Beijing Bound: A Summit Freighted With Consequence
With fewer than four weeks remaining before Air Force One touches down in Beijing, the May 14-15 summit between President Donald Trump and President Xi Jinping has crystallised into the most consequential bilateral meeting in nearly a decade. The visit was originally scheduled for late March but was pushed back as the US-led war against Iran dragged on, with the White House confirming revised dates only in late March.
The summit arrives against a notable reversal of fortunes. Whereas Trump appeared to hold the upper hand following the Liberation Day tariffs of April 2025, the opposite now holds as the two leaders prepare to meet. Understanding how that reversal occurred requires examining not just the past year, but the full arc of Trump's approach to China across both of his terms in office.
A Pattern Established in the First Term
Trump's confrontation with Beijing is not a second-term invention. Beginning in 2018, his first administration initiated the most significant restructuring of US-China trade relations in a generation. By the end of his first term, each country had raised average duties on the other to roughly 20%, with new tariffs and counter-tariffs covering more than half of bilateral trade.
The culmination of that effort, the Phase One agreement signed in January 2020, carried ambitious purchase commitments but delivered limited structural change. China committed to purchasing an additional $200 billion of US goods over two years, but US manufacturing exports continued to suffer, falling 43% short of the legal commitment for 2020. The deal halted tariff escalation but left the architecture of China's state-directed economy entirely intact.
The Biden administration retained most of those tariffs and added sweeping semiconductor export controls in October 2022. Yet the structural trade deficit and technology competition remained unresolved when Trump returned to office in 2025, inheriting a rivalry that seven years of tariff policy had pressured but not transformed.

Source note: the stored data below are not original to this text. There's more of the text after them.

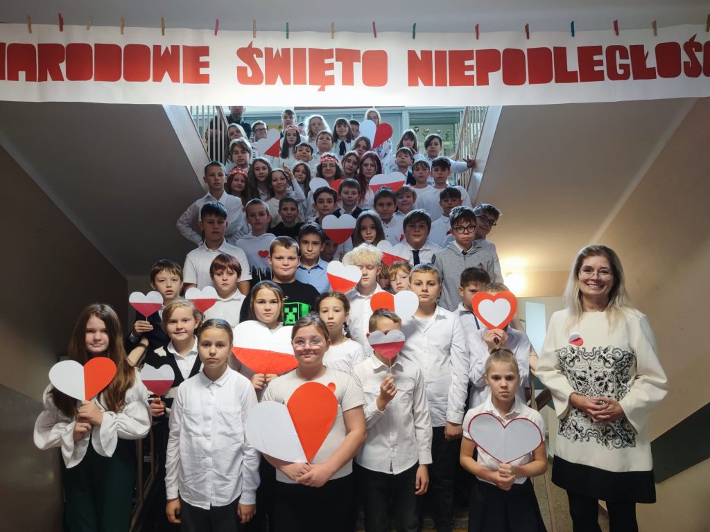 Szkoła przybrana w biało czerwone serduszka przypominała nam o symbolach narodowych, a serduszka w naszych dłoniach pozwoliły nam pozdrowić wszystkich Polaków z okazji naszego wspólnego święta:)
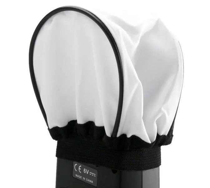 使用后,暴光需要适当增加1-2档白布柔光罩,收口为松紧,能有效遮住闪光灯,用于室内拍摄人像和室外补光,布罩可以将闪光灯照出来的光线变得柔和,使照片看起来更加自然。通过布罩可以把闪光灯的直射光变为柔和的漫射光,消去人物或物品的光斑。
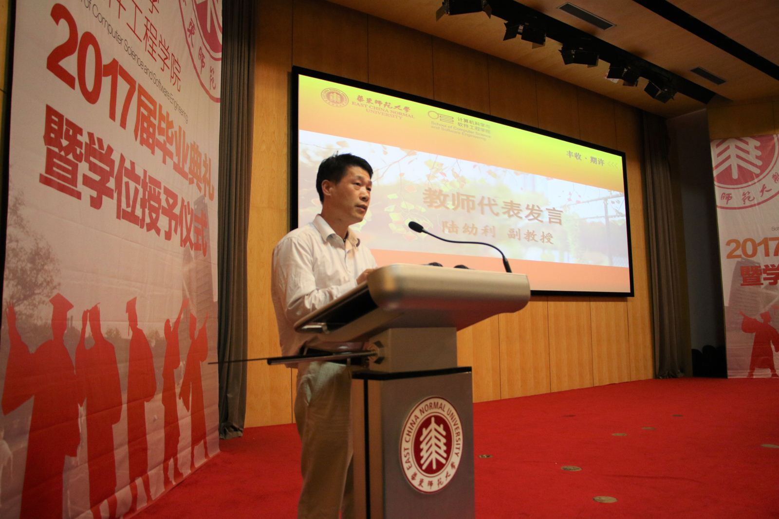 公司计算机系陆幼利副教授荣获“员工心目中最优秀教师”称号,作为教师代表他对本届毕业生提出了殷切的希望,希望同学们能够秉持敬畏之心、好奇之心、批判之心面对未来的工作和学习。人们因为“敬”而效仿,因为“畏”而上进,只有怀揣着好奇之心才能不断创新,拥有思辨的能力,并承担起社会发展的重任。
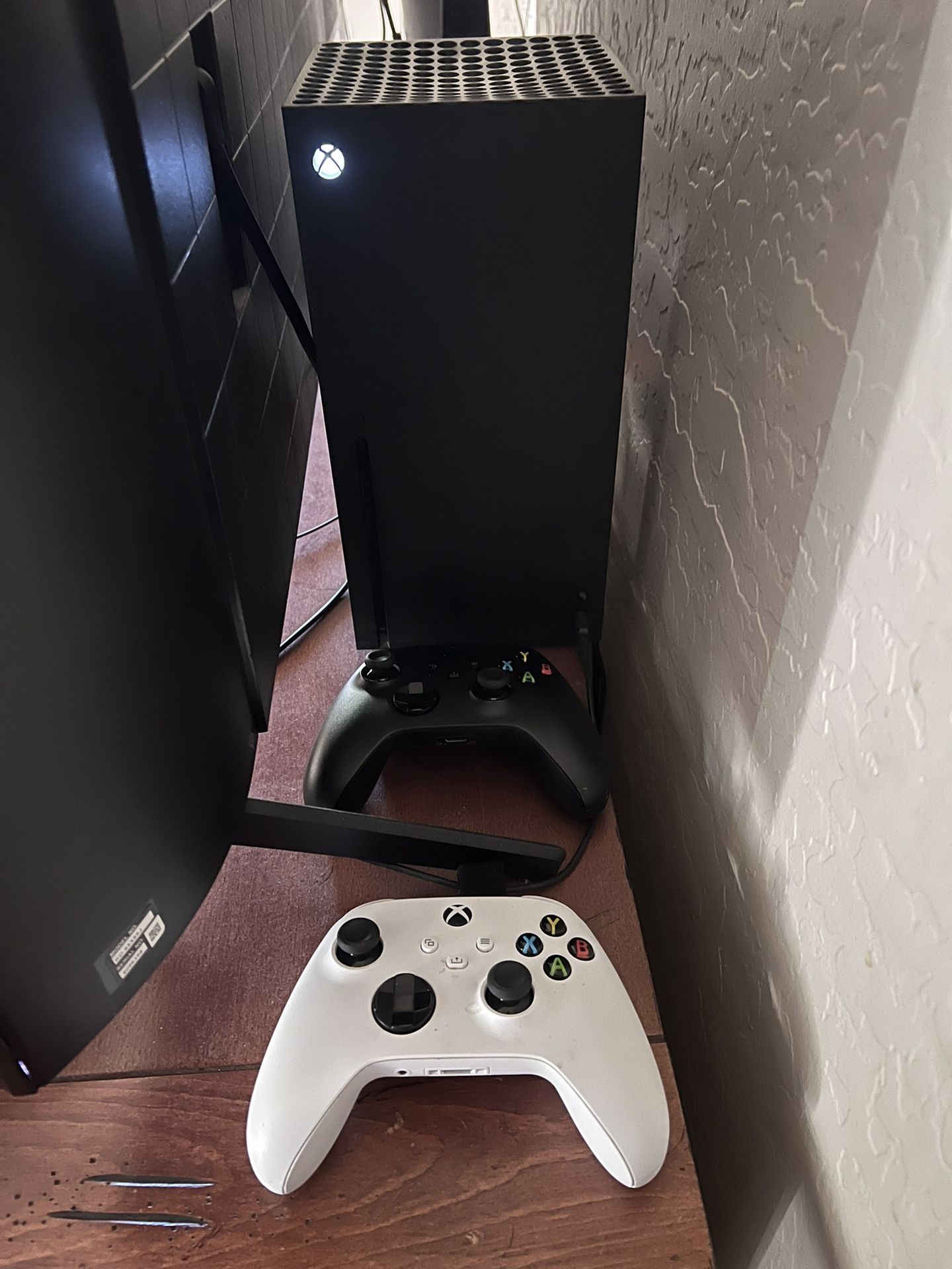 Has 2 rechargeable batteries for controllers 2 controllers Great shape Bought a few months ago (not very old.) Disc drive
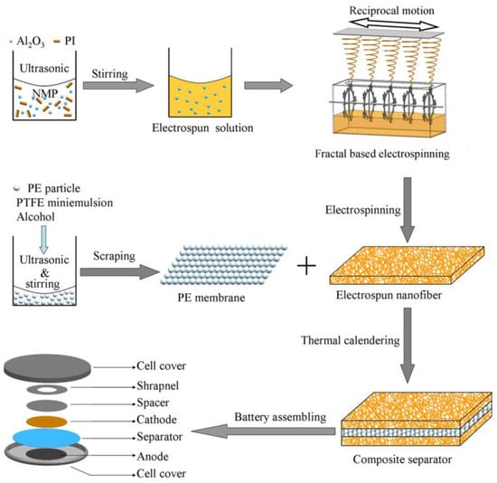 - Liang, X.; Yang, Y.; Jin, X.; Huang, Z.; Kang, F. The high performances of SiO2/Al2O3-coated electrospun polyimide fibrous separator for lithium-ion battery. J. Membr. Sci. 2015, 493, 1–7. [Google Scholar] [CrossRef]
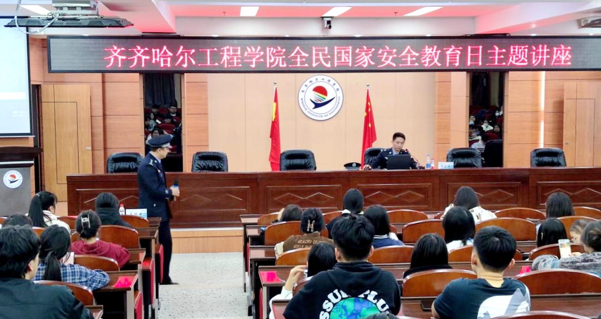 开展一次安全法治教育。4月15日,学校邀请齐齐哈尔市公安局高新分局民警进行全民国家安全教育日法治主题讲座,详细介绍了总体国家安全观的重要意义、国家安全法律法规、国家安全战略、国家安全保障体系等重要内容。
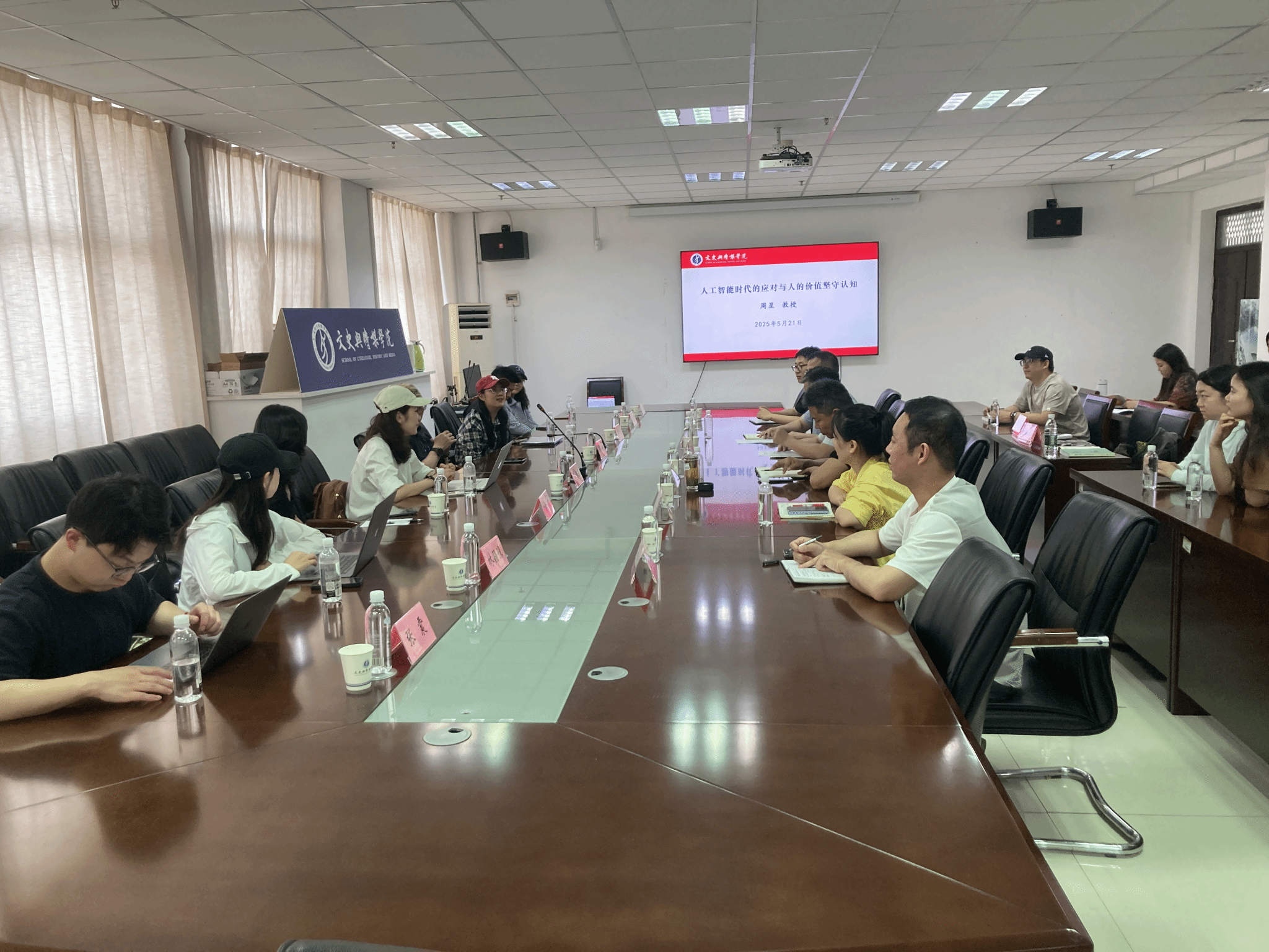 周星教授结合个人研究成果,从人工智能认识、人与人工智能相协调的四定律、四个维度坚守等方面分享了他对人工智能时代应对与人的价值坚守认知的新见解。周教授指出人工智能可能有无限创造,但我们人也有无限选择权,对人工智能的态度应该是拥抱、合作、借力、选择。另外,周星教授对我院专业发展与艺术类专业人才培养方案提出了宝贵建议。
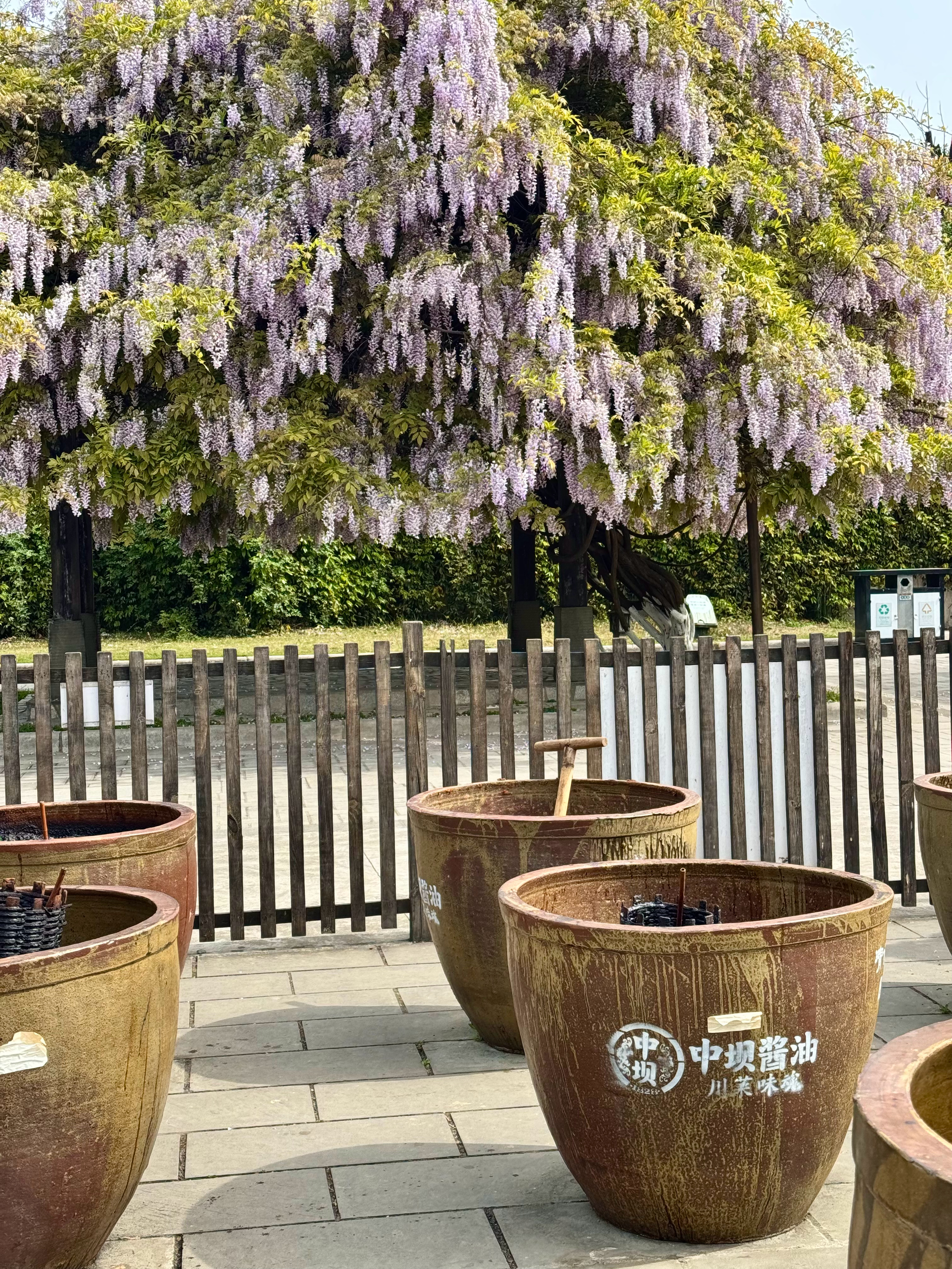 坐落在江油市的中国酱文化博览园,在这里不仅可以纵观中国重要酱料的发展史,还能亲自体验两百年的制酱工艺,看粮食一步一步变成我们餐桌上的酱油,最后也是最辛苦的一个步骤就是在180天的时间内,每日重复淋酱,待酱吸收日月之精华,才形成了这一道餐桌必不可少的鲜味来源。这紫藤花下的酱缸仿佛也吸饱了来自春日的灵气[好运连连]自媒体见证绵阳发展跟着吒儿游江油
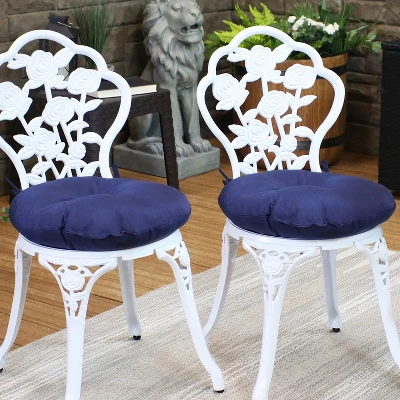 - • PERFECT SIZE: These bistro seat cushions are the perfect size for patio bistro and dining chairs. Measures 15-inch diameter x 4 inches thick; weighs 1.4 pounds per cushion; ties: 9 inches long (2 total).
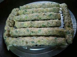 4,腐膜攤開,放适量肉餡上去,弄成條狀,圈起,用刀劃斷,摆好。
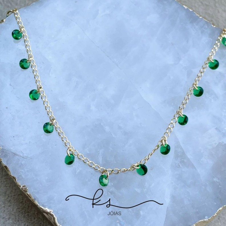 colar ouro choker cristais redondos verde penduradosConfira opiniões e avaliações de clientes!
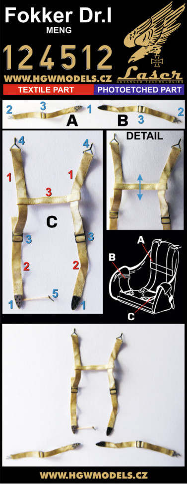 1/24 SET Spitfire Mk.VIII seatbelts STEEL for Airfix
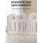 Stabilitate maxima: prevazut cu picioare de cauciuc antiderapante si un sistem de fixare la baza panourilor care impiedica miscarea sau rasturnarea tarcului.
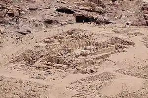 The control of a multitude of goods intended for export ensured a degree of financial self-sustainability for the temple that also may have been aided by tourists passing through the temple. The latter is evidenced by a variety of small portable "souvenir" altars uncovered within the temple. In addition, inscription fragments intended for temple officials demonstrate other external sources of revenue brought to the temple in the form of offerings and distributed among priests and other personnel.[6] A recent re-translation of an inscription found in the temple (shown below) lists the donation of gold and silver bullion to the temple while also voicing concern that this payment be adequately used for the needs of the temple, exclusively, highlighting a possible preexisting misappropriation of temple revenue by priests at Petra.[6]

Second Term: Greater Aggression, Familiar Limits
Trump's second term opened with considerably greater force. Tariffs on Chinese goods were pushed to 145%, more than seven times the effective rate at the end of his first term. Beijing did not comply. It retaliated, threatened to restrict rare earth supplies essential to US defence and semiconductor industries, and forced Washington to pause export control expansions and planned port fees on Chinese-built vessels. A February Supreme Court ruling invalidating several tariff authorities further constrained the administration's leverage.
The economic results mirror first-term outcomes. The US goods trade deficit with China narrowed 32% to approximately $202 billion in 2025, a headline figure the administration cites as progress. However, the United States lost approximately 91,000 manufacturing jobs between February and December of that year. Tariff unpredictability, more than tariff levels, suppresses long-duration capital investment. When policy can reverse within a single news cycle, reshoring decisions carry execution risk that most manufacturers are unwilling to absorb.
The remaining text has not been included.